Cognitive impairment affected 145 patients (27.6 %). Explanatory factors were gender (OR: 2.77 (1.75–4.39) p < 0.001), ischemic etiology (OR: 1.99 (1.25–3.17) p = 0.004), frailty (OR: 1.58 (0.99 to 2.50, p =0.050), albumin > 3.5 (OR: 0.59 (0.35–0.99) p = 0.048), and beta-blocker treatment (OR: 0.36 (0.17 to 0.76, p = 0.007)). No association was found between cognitive impairment and social support or family function.

Conclusion

The observed prevalence of cognitive impairment using MMSE corrected scores was 27.6 %. A global approach in the management of these patients is needed, especially focusing on women and patients with frailty, low albumin levels, and ischemic aetiology heart failure.

Keywords

Heart failure Cognitive symptoms Prevalence Comorbidity

Background

Cognitive impairment (CI) is particularly common in patients with chronic heart failure (CHF) and has been associated with an increased mortality rate in hospital admissions and worse clinical outcomes [1]. Nevertheless, it is still uncertain when CI should be assessed in common clinical practice, the instruments that should be employed for primary evaluation, and which patients should be included in a more extensive neuropsychological diagnostic battery. Despite interest in the global assessment of CHF there is as yet no decisive information on which factors play a role when deciding whether routine cognition screening in clinical practice would be helpful for an individual patient.
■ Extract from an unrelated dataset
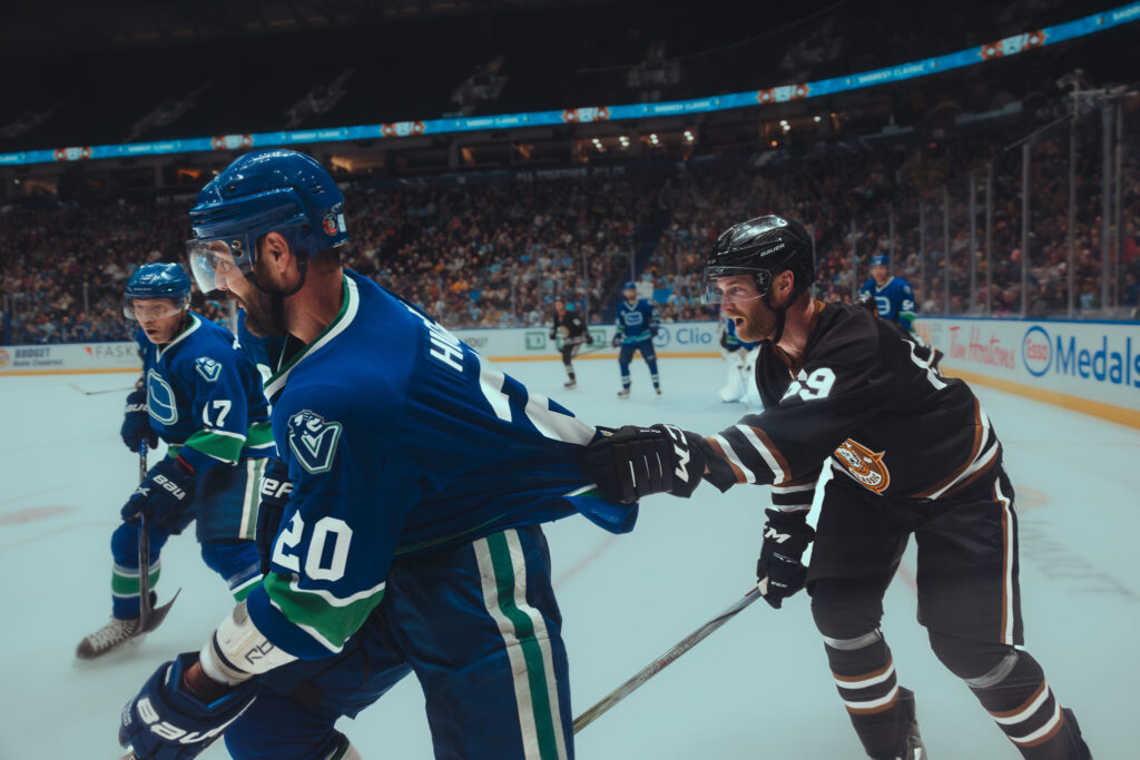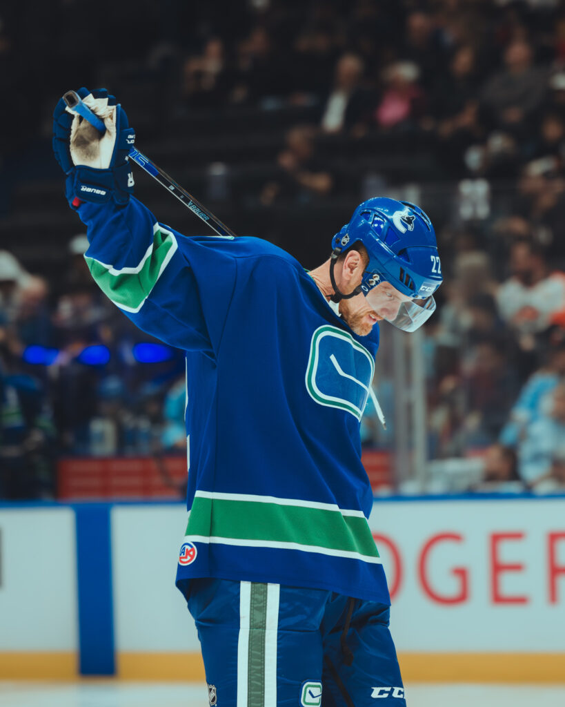 The Sedins playing together again was the headline. Seven years had passed since fans last saw the twins share the ice so it felt special. At one point, the twins swapped jerseys with brothers Jordan and Brandon Nolan and played a shift for each other’s teams. There was no mercy, just laughs.
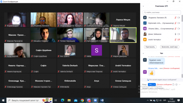 Започаткована у вересні 2022 р. за підтримки завідувача кафедри міжнародних відносин і суспільних наук професора Олександра Шевчука співпраця викладацького та студентського складу із Київською школою дипломатичних мистецтв набирає систематичного характеру. Зокрема, студентство активно долучилося до реалізації циклу творчих завдань симулятивного характеру. Періодичні зустрічі, змодельовані як засідання комісії Міністерства закордонних справ, дозволяли студентам відчути себе фахівцями обраної спеціальності та представити «керівництву» власне розроблені аналітичні записки.

The prevalence of CI depends on the test used and varies widely among studies, ranging from less than 30 % to more than 80 % [27]. As cognitive tests are age-and education sensitive [8] the use of a validated screening test in our population would provide valuable information on CI prevalence. The Mini Mental State Examination (MMSE) is a widely used instrument to evaluate cognitive function in CHF patients [9, 10]. It determines global cognitive impairment and is more commonly employed in clinical practice than complex neuropsychological batteries [4, 11].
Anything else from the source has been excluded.